[Items from a dataset]
*** Block opens ***

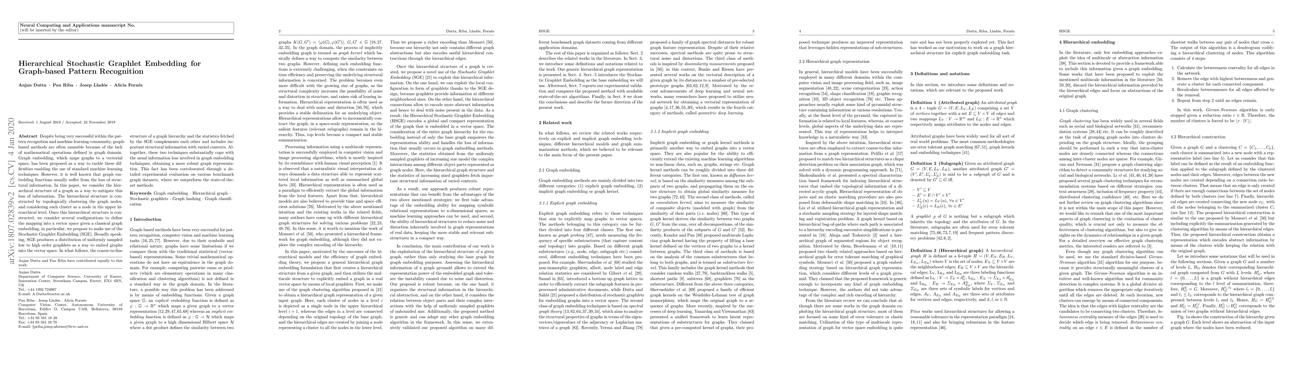 This paper proposes a hierarchical stochastic graphlet embedding method to enhance graph-based pattern recognition by mitigating the loss of structural information in graph embedding. The approach constructs a hierarchical graph structure and combines it with Stochastic Graphlet Embedding to provide a robust graph representation, achieving superior performance on benchmark datasets compared to state-of-the-art methods.
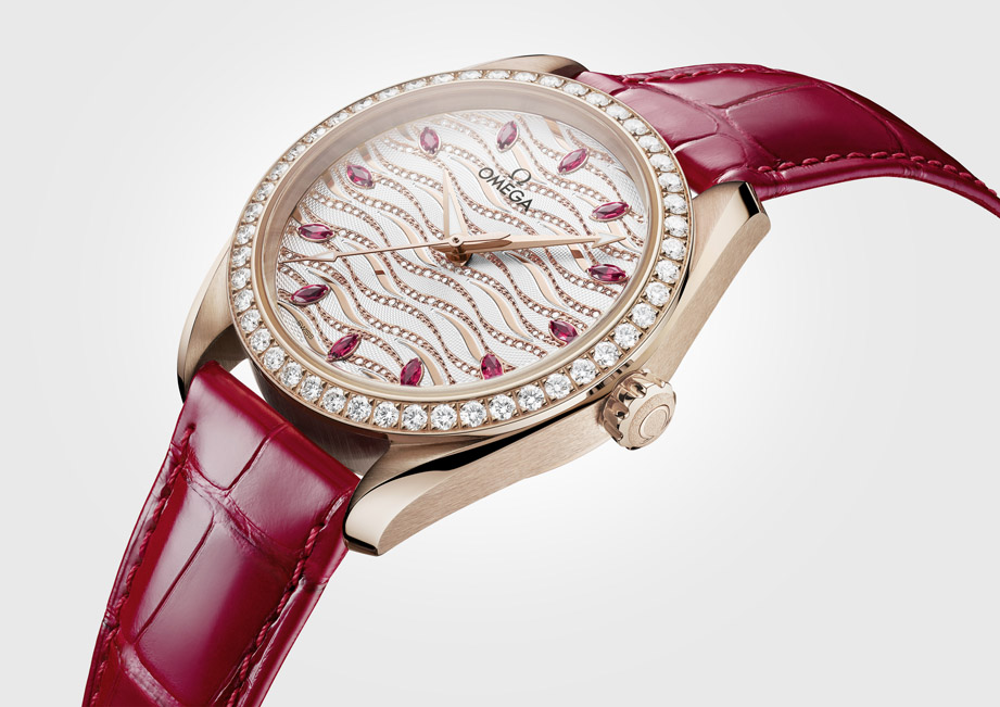 全新海马Aqua Terra珠宝腕表採用以18K Sedna™金铸造的38mm对称表壳及指针,并缀饰镶钻表圈,而12 个小时刻度上则各镶饰一颗欖尖形切割红宝石。表面设计精致优雅,採用银色、18K Sedna™金和铺镶191颗钻石的18K Sedna™金波纹制作,拼凑出互相交织的扭索状波浪图案,活现海洋此起彼落的韵律。
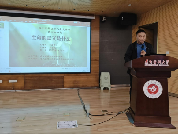 为深化员工哲学素养,拓展生命教育视野,培育人文关怀精神,2025年9月26日晚上7点,304永利集团官网入口人文大讲堂第二十一期(2025年第5期)《生命的意义是什么?——以存在主义的视角打开》在图书馆学术报告厅举行。本次讲座由304永利集团罗海波老师主持,主讲人为贵州省高校人文医学研究中心齐维强博士。
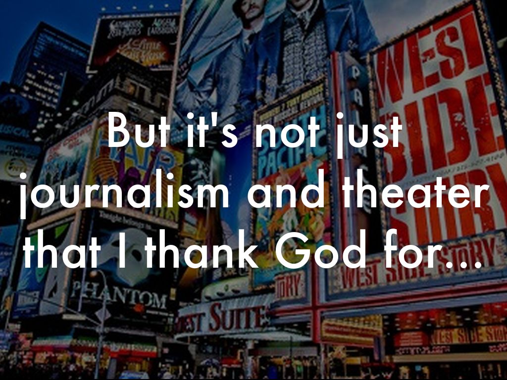 God blessed me by giving me journalism experience by letting me see four Broadway productions for free, and letting me write feature articles for all of them...
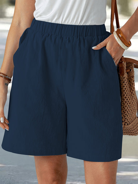 Կանացի էլեգանտ միագույն սովորական հարմարավետ շորտեր, 95% պոլիեսթեր 5% էլաստան, ամառային հյուսված գործվածք, 120 գ/մ², ազատ տեղավորվել՝ մուգ կապույտ
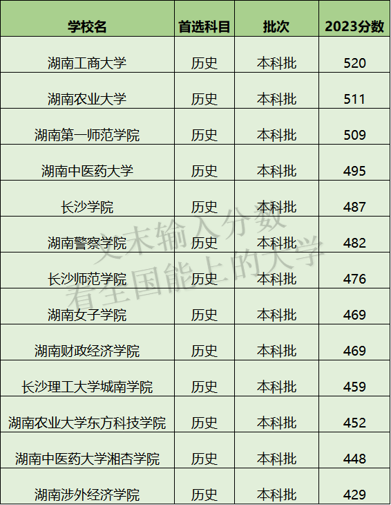 在长沙市历史类中,长沙市所有二本大学分数最高最难考的大学为湖南工商大学、湖南农业大学、湖南第一师范学院、湖南中医药大学、长沙学院,对应最低分数为520分、511分、509分、495分、487分。
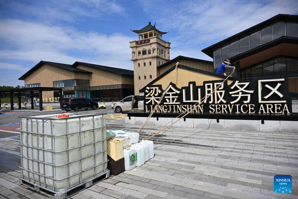 (250923) -- JIANGMEN, Sept. 23, 2025 (Xinhua) -- A staff member reinforce installations at a service area of an expressway in Jiangmen City, south China's Guangdong Province, Sept. 23, 2025. South China's Guangdong Province raised its wind emergency response to the highest level at 10 a.m. Tuesday, as Typhoon Ragasa is forecast to make landfall along the central or western coastal areas of the province as a strong or super strong typhoon within 24 hours.

*** Block closes ***

• _Exercise instructions_
The line containing "Կանացի էլեգանտ միագույն" and every line after it, up to the last line of the data, should be returned exactly, without the pictures.

• _Problem solution_
 Կանացի էլեգանտ միագույն սովորական հարմարավետ շորտեր, 95% պոլիեսթեր 5% էլաստան, ամառային հյուսված գործվածք, 120 գ/մ², ազատ տեղավորվել՝ մուգ կապույտ
 在长沙市历史类中,长沙市所有二本大学分数最高最难考的大学为湖南工商大学、湖南农业大学、湖南第一师范学院、湖南中医药大学、长沙学院,对应最低分数为520分、511分、509分、495分、487分。
 (250923) -- JIANGMEN, Sept. 23, 2025 (Xinhua) -- A staff member reinforce installations at a service area of an expressway in Jiangmen City, south China's Guangdong Province, Sept. 23, 2025. South China's Guangdong Province raised its wind emergency response to the highest level at 10 a.m. Tuesday, as Typhoon Ragasa is forecast to make landfall along the central or western coastal areas of the province as a strong or super strong typhoon within 24 hours.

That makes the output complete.